This is an article I recently penned for Gender across Borders. It chronicles the nuances, complexities of intersectionality living. If you can deconstruct that sentence, you my friend are a star. Please check out their blog, and their good work. http://www.genderacrossborders.com/2011/04/29/somalia-and-its-discontents/
I once attended a women’s conference in Alberta, and the topic of discussion revolved around the lived experiences of Muslim-Canadian women who are forced to operate amongst two often-competing paradigms. A semi-prominent social scientist began her treatise against the illiberal cultural practice of female genital circumcision, and the oppressive cultural space Somali women inhabit. This orientalist continued to discuss Somali women as if she were discussing zoo animals on an episode of national geographic, and continued her rant without any regards to the actual lived experiences of Somali women. When I interjected, and explained that Somali women are active agents in this exploitive practice, and not passive spectators in their own subjugation, she dismissed my opinions and accused of me being a patriarchal apologist. I explained that this is a cultural practice performed, encouraged, and maintained by women, within the confines of a patriarchal society. Many human rights activists have challenged the legitimacy of FGM as a cultural institution; and have called upon governments to ban this practice. But many of these activists fail to understand the cultural importance of female genital circumcision to the individuals that practice it.
While it is an oppressive practice, purveyors of this tradition view it as liberation, for how can ‘womanhood’ be constructed without the cutting of a woman’s perceived sexually deviant clitoris. In the eyes of the protectors of ‘Somali culture’, to attack female genital circumcision is to attack the Somali women, as this is as customary as dolls given to little girls. I do not suggest we accept this excuse, or lend legitimacy to it, but we must listen to these narratives, as understanding the context around this social institution is important in abolishing it. If one depicts a visual representation of submissive and docile Somali woman, then one overlooks the powerful role Somali women play in legitimizing this tradition. In my own experience, it was my father and uncle who objected to this practice, and saved my siblings and I from the unjust fate experienced by many Somali women, while my mother supported it. She continued her lecture, again ignoring the voices of the women she claims to fight on behalf of, and completely rejecting my analysis.
I remember having this feeling of déjà-vu, as I am persistently playing a mediator between the global north and south. When amongst my Somali co-nationals, I am charged with being the westernized feminist who seeks to delegitimize important cultural institutions. When I’m amongst western feminists, I am the apologist for tyrannical and anti women institutions. And to this academic, I was simply a brainwashed African woman in need of the protection of liberalism.

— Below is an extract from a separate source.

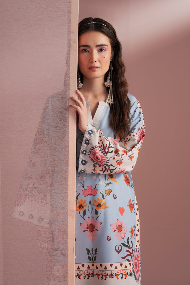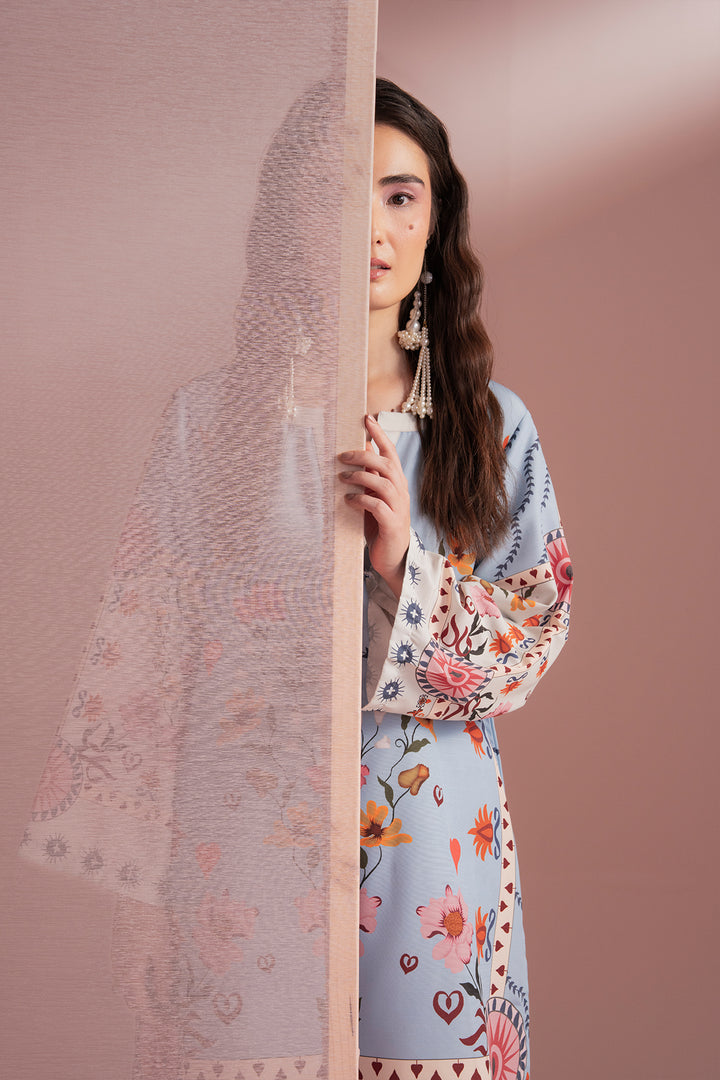 Afsheen embodies the charm of delicate florals and soft pastels. The sky-blue base is uplifted by vibrant floral patterns and ornamental borders that exude a timeless elegance. Perfect for casual brunches or serene afternoon gatherings, this look captures the essence of effortless grace from the Minnah Fall Collection by Aik Pret.

My experience is not unique. There are many women who are forced into this mediator role by competing cultural paradigms. If I lend political and social agency to Somali women, and reject the limited narratives about my homeland, then I am in solidarity with patriarchy. On the other hand, if I challenge and call on Somali women/African women to address our subjugation at the hands of our men, I am merely the political messenger of the West. I think much of this conflict stems from society’s need to group cultures into comfortable boxes, so we may understand and place judgment upon them. Even within a specific cultural perspective, like that of Somali women, there exists many multi-dimensions. As a Canadian of Somali descent, my experiences and challenges are different from a Somali woman living in war torn Mogadishu. As a feminist, and political activist, I find it at times difficult to mediate these worldviews, as I feel I am often caught in the middle between the civilizations.
When one thinks of Somalia, one imagines our planets version of hell, with images of pirates, warlords, FGM, and poverty fresh in the minds of the public. While these images are part of a society in chaos, it is reductionist, and these limited accounts provide little support to the efforts of dividing the cultural gap between global women. Women are complex, our experiences are nuanced, and our struggles cannot be summed up in a PHD dissertation. The image of the oppressed African women does little to support African feminists, and our quest for social justice. Similarly, the perception of western women amongst African women must be re-evaluated, and not reduce an entire movement to western imperialism. If we want to address and devise solutions to our common/uncommon problems, we must accept our multidimensional layers of our experiences and identities, while rejecting the ‘othering’ of our fellow sisters.